Finishing my rear axle replacements on my 2009 BMW X3 E83 and have searched the internet and this site for the rear 36 point axle nut torque settings to no avail. Would appreciate someone coming to the rescue. Thanks!!


----------



## Bustingear (Feb 27, 2013)

Also need the torque settings for 2009 BMW X3 rear half shaft CV axles to the differential. There are 6 12MM bolts on each side.


----------



## Bustingear (Feb 27, 2013)

bump


----------



## Bustingear (Feb 27, 2013)

Bustingear said:


> Finishing my rear axle replacements on my 2009 BMW X3 E83 and have searched the internet and this site for the rear 36 point axle nut torque settings to no avail. Would appreciate someone coming to the rescue. Thanks!!

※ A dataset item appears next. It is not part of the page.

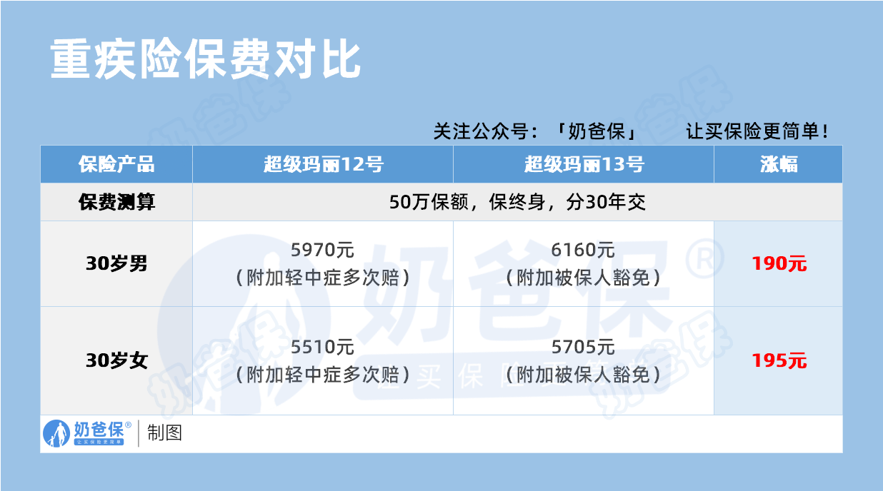 以超级玛丽13号为例,对比旧款,同样投保条件和保障,30岁投保一年贵了近200元。

Also need the torque settings for 2009 BMW X3 rear half shaft CV axles to the differential. There are 6 12MM bolts on each side. 
Bump


----------



## Bustingear (Feb 27, 2013)

bump


----------



## Doug Huffman (Apr 25, 2015)

Subscribe to a BMW Technical Information Service


----------



## Bustingear (Feb 27, 2013)

thanks but this is a one timer situation


----------



## Bustingear (Feb 27, 2013)

bump


----------